Bulk Ferment: 10 to 20 minutes.
Prepare a 13×3 3/4×3 3/4 Pullman loaf pan or 2 (9x5x2.5) loaf pans by lightly oiling and dusting with rye meal.
Shape into one 13×4-inch log (if using a Pullman pan) or two 9×5-inch logs if using two loaf pans.
Sprinkle the sides and tops with sunflower seeds and gently push down so they stick. Place the logs in the prepared pans. Sprinkle a thin layer of whole-rye flour or rye meal over top.
Cover the loaves with plastic.
Final Proof:50 to 60 minutes at 82 degrees.
Preheat the oven 470 degrees.
To create steam: add 1 cup of boiling water poured into a heavy steam pan, preferably cast iron and place at the bottom of the oven. Place the pans in the oven and bake for 15 minutes at 470 degrees, then lower the oven temperature to 380 degrees and bake for approximately 1 1/4 hours more.
Fifteen minutes before the end of baking, remove the bread from the pans, and finish the bake on sheet pans in order to firm up the side walls.

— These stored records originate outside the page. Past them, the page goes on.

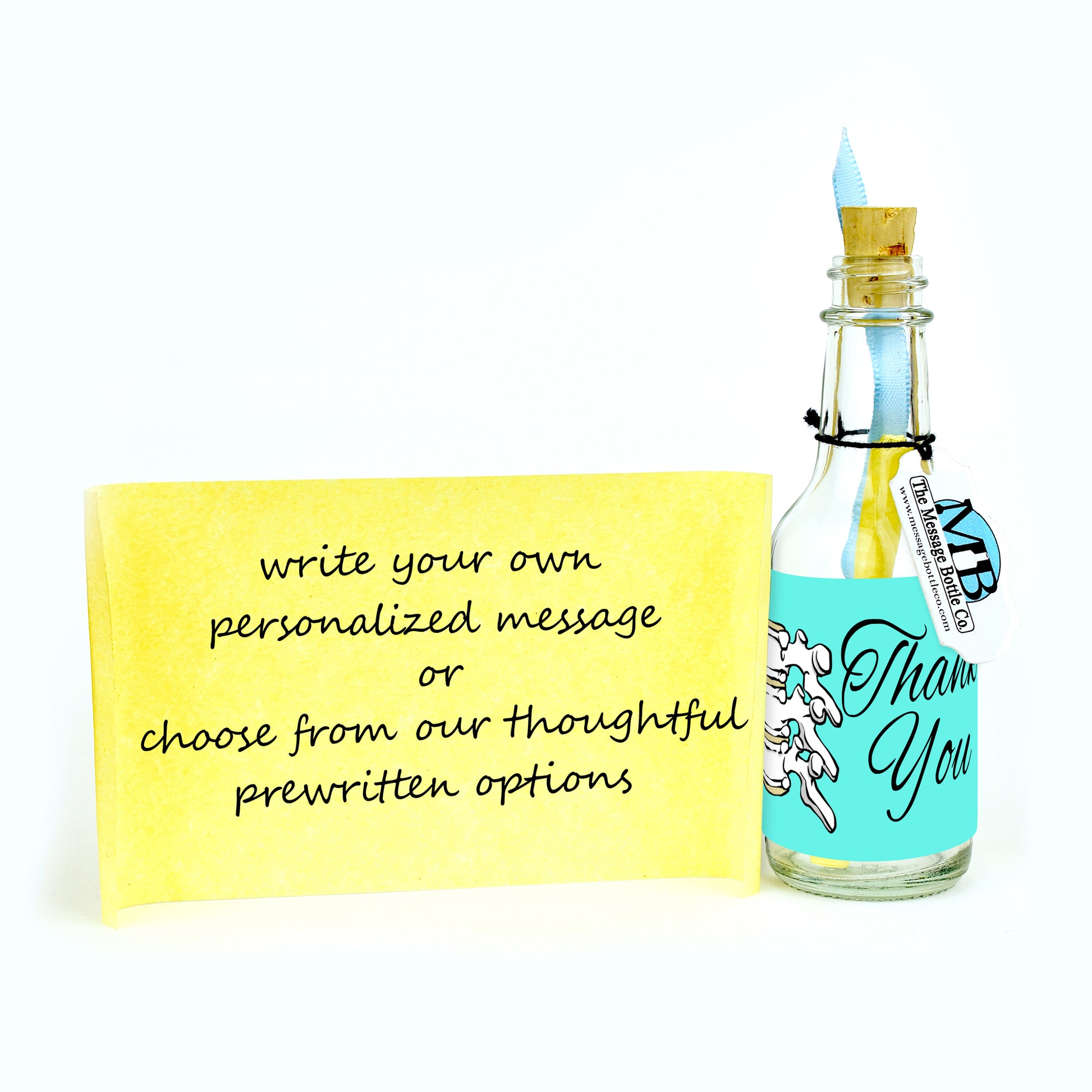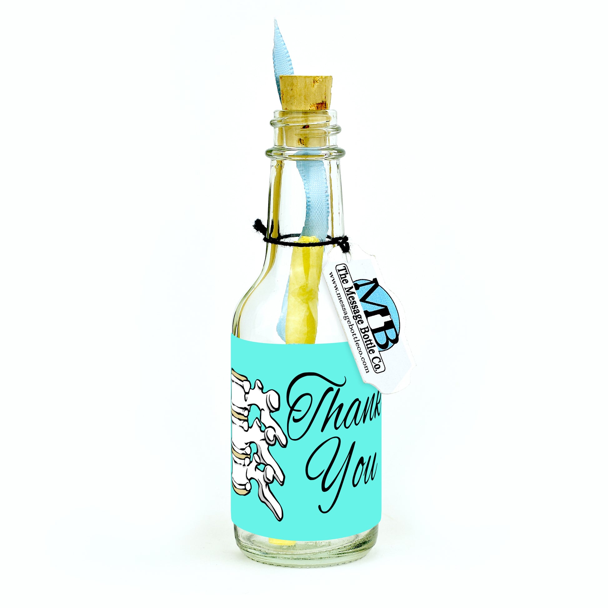 A graceful celebration of care and appreciation, the “Grateful Connection” Message Bottle features a beautifully illustrated pair of vertebrae set against a striking light cyan background. The decorative script of “Thank You” complements the artwork, creating a design that feels both elegant and full of heart - perfect for showing gratitude with style and sincerity.
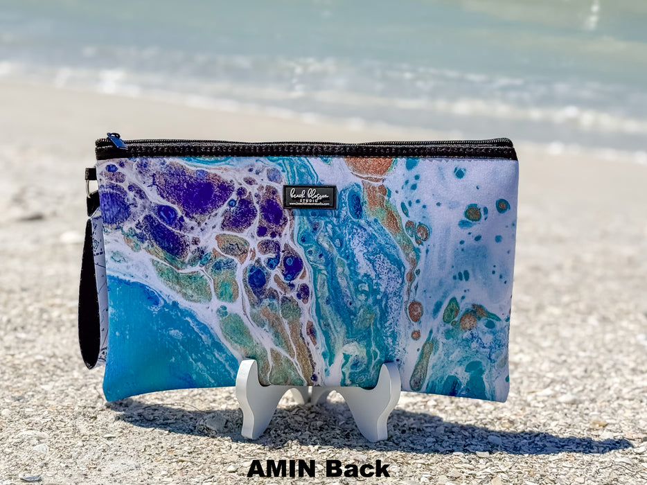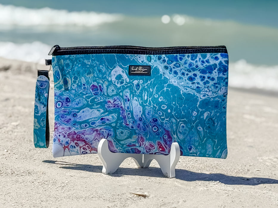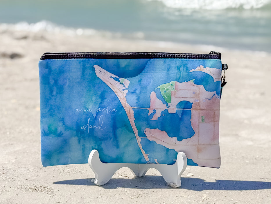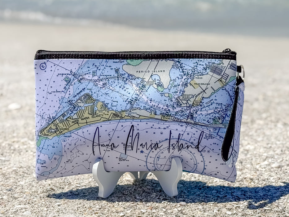 These pouches are perfect for storing and organizing all of your daily needs. Throw it in your purse or beach bag to make sure all of your essentials stay neat and dry! Choose from 4 different Beach Blossom Studio Originals Paintings and 2 maps of Anna Maria Island! Made of neoprene (which is waterproof!) and featuring a neoprene wrist strap.
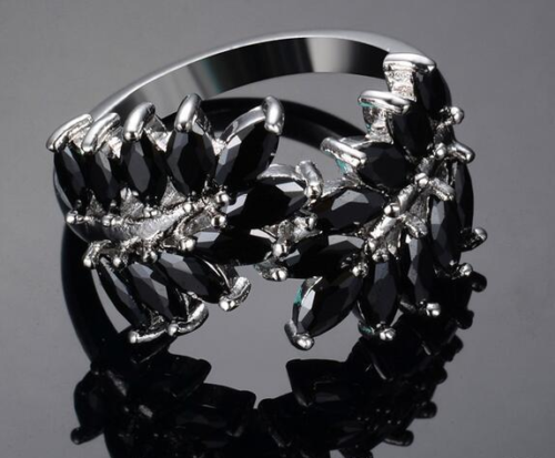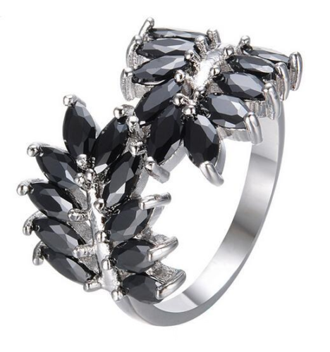 2.5ct Marquise Cut Black Diamond ByPass Leaf Engagement Ring 14K White Gold Over

Cool: Let the loaves cool completely on a wire rack at room temperature. Wrap the Vollkornbrot in linen and store in a cool, draft-free place. Let rest for about 48 to 72 hours before slicing to allow the bread to fully develop its flavor. Slice thin.
Storage: Vollkornbrot will keep for several weeks wrapped in plastic and refrigerated.